──────── Data excerpt ────────
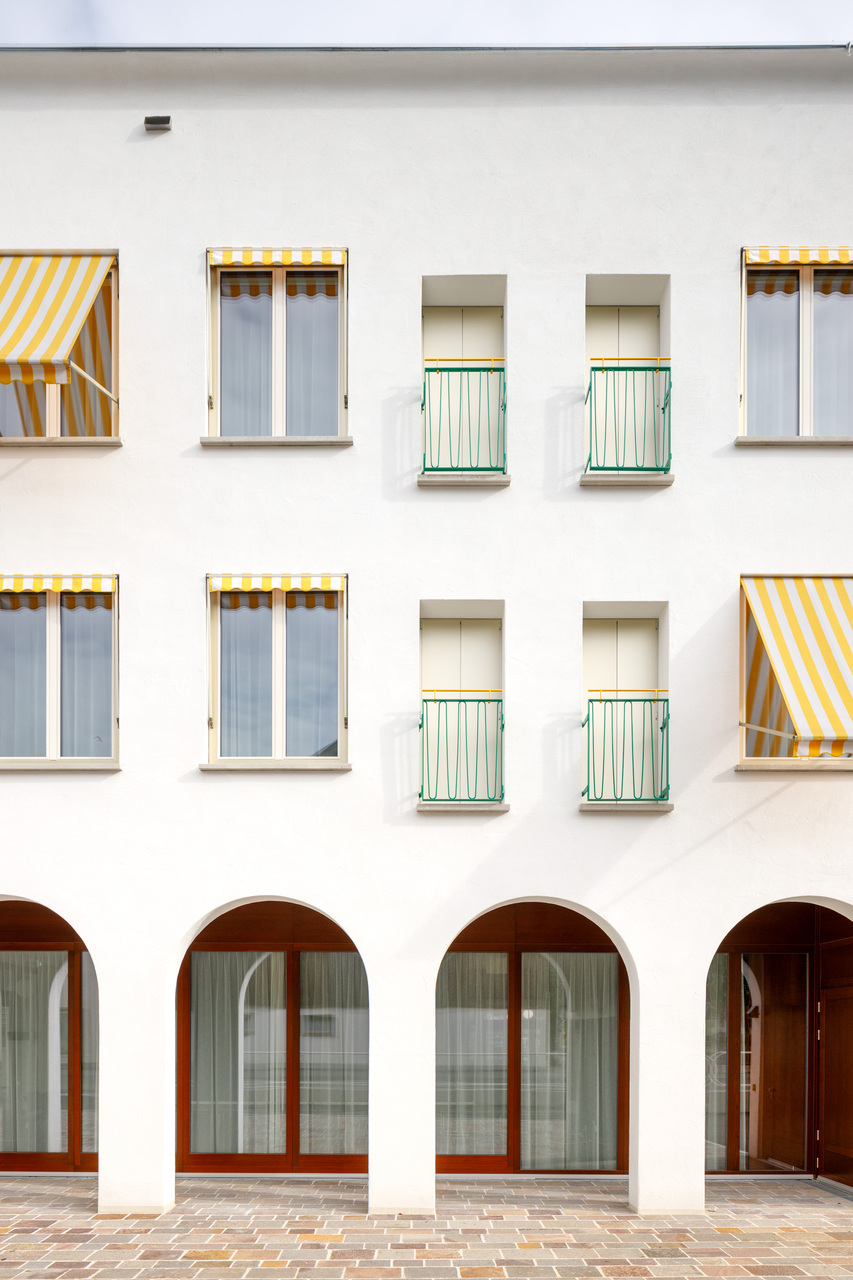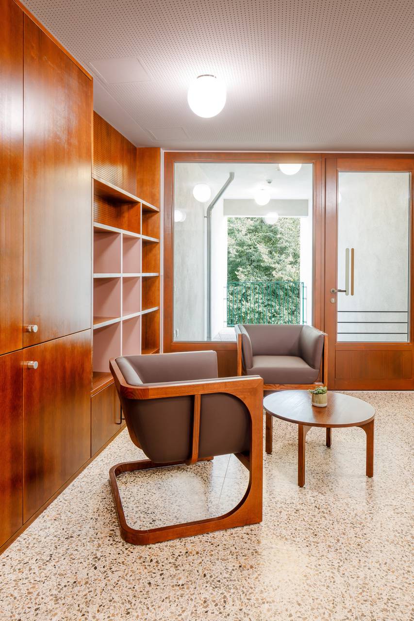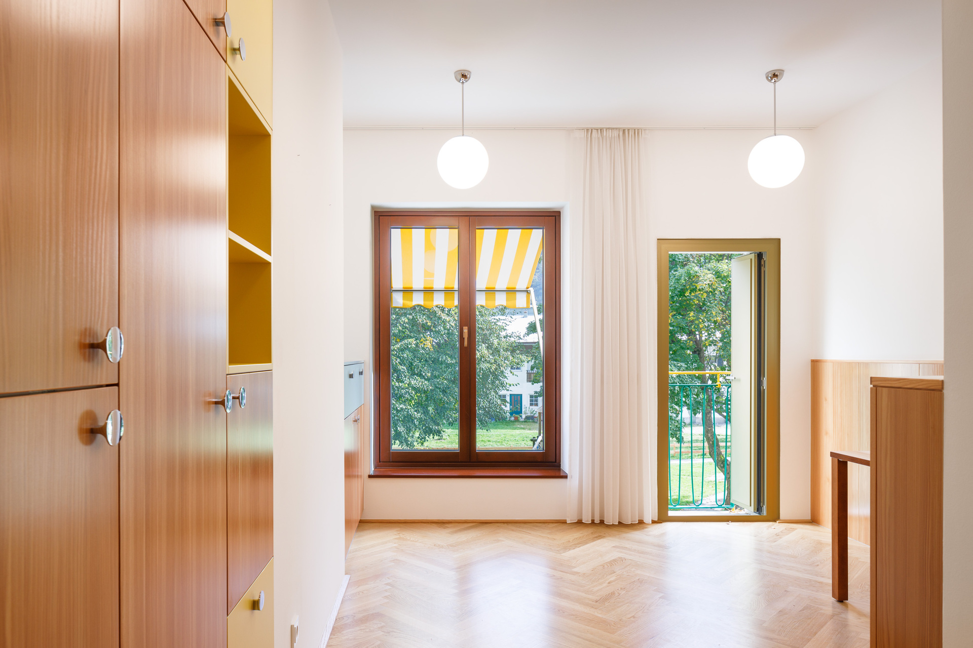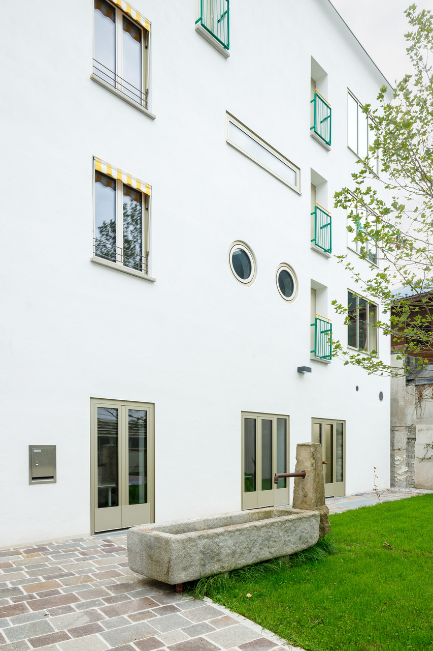 Die Materialisierung und die Ausstattung des gesamten Ensembles schaffen eine Anmutung von unbeschwerter Zeitlosigkeit und Gediegenheit. Während die Böden der öffentlich zugänglichen Bereiche mit Terrazzo Fliesen belegt sind, wurde für den großen Saal und die Zimmer ein klassischer Fischgrat Parkett gewählt. Hohlkehlen an den Decken, Fenster- und Türrahmen aus dunklem Holz sowie Lüftungsflügel in hell eloxiertem Metall bereiten ein Gefühl von Geborgenheit und Vertrautheit. Denn sorgfältig geplante Detaillösungen und durchdacht gewählte Gestaltungselemente ermöglichten es, auch mit begrenztem Budget (die Kriterien der Wohnbauförderung waren einzuhalten) eine außergewöhnlich hohe Aufenthaltsqualität zu schaffen. Es wurde grundsätzlich darauf geachtet, dass der Anteil an verbautem Kunststoff so gering wie möglich gehalten wurde. Also kein Vollwärmeschutz, keine Kunststofffenster, etc..
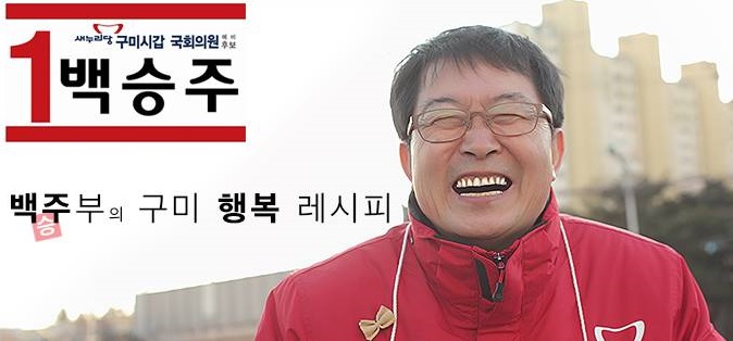 (서울=포커스뉴스) 13일 오후 9시 30분 KBS는 개표율 32.2% 현재 경북 구미갑의 백승주 새누리당 후보가 60.3%를 득표해 당선이 확실하다고 밝혔다.<사진출처=백승주 후보 페이스북>
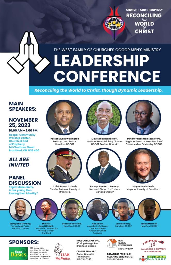 Félicitations au ministre Heatman Nickleford, à son équipe et à la West Family of Churches pour la conférence sur le leadership masculin, pleine d’esprit, informative et stimulante. Les églises suivantes de la région de l’Ouest ont participé : Hamilton COGOP, Gospel Life Worship Center (Brantford), Liberty Worship Centre (Kitchener) et Niagara Region COGOP.
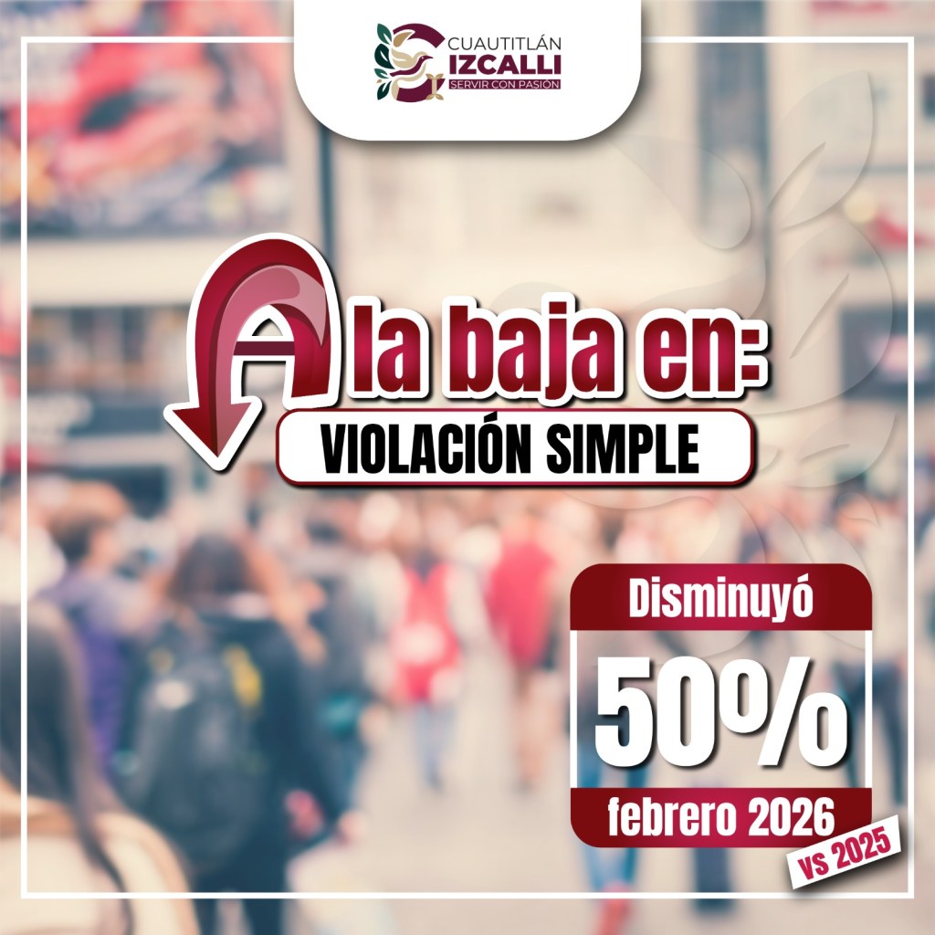 Cuautitlán Izcalli presentó una baja en las denuncias por violación simple en febrero de 2026, de acuerdo con cifras oficiales del Secretariado Ejecutivo del Sistema Nacional de Seguridad Pública (SESNSP).
────────
* _Task prompt_: Repeat only the lines between the start of the data and the line with "(서울=포커스뉴스) 13일 오후", including those two lines, and skip the pictures.

* _Written solution_:
 Die Materialisierung und die Ausstattung des gesamten Ensembles schaffen eine Anmutung von unbeschwerter Zeitlosigkeit und Gediegenheit. Während die Böden der öffentlich zugänglichen Bereiche mit Terrazzo Fliesen belegt sind, wurde für den großen Saal und die Zimmer ein klassischer Fischgrat Parkett gewählt. Hohlkehlen an den Decken, Fenster- und Türrahmen aus dunklem Holz sowie Lüftungsflügel in hell eloxiertem Metall bereiten ein Gefühl von Geborgenheit und Vertrautheit. Denn sorgfältig geplante Detaillösungen und durchdacht gewählte Gestaltungselemente ermöglichten es, auch mit begrenztem Budget (die Kriterien der Wohnbauförderung waren einzuhalten) eine außergewöhnlich hohe Aufenthaltsqualität zu schaffen. Es wurde grundsätzlich darauf geachtet, dass der Anteil an verbautem Kunststoff so gering wie möglich gehalten wurde. Also kein Vollwärmeschutz, keine Kunststofffenster, etc..
 (서울=포커스뉴스) 13일 오후 9시 30분 KBS는 개표율 32.2% 현재 경북 구미갑의 백승주 새누리당 후보가 60.3%를 득표해 당선이 확실하다고 밝혔다.<사진출처=백승주 후보 페이스북>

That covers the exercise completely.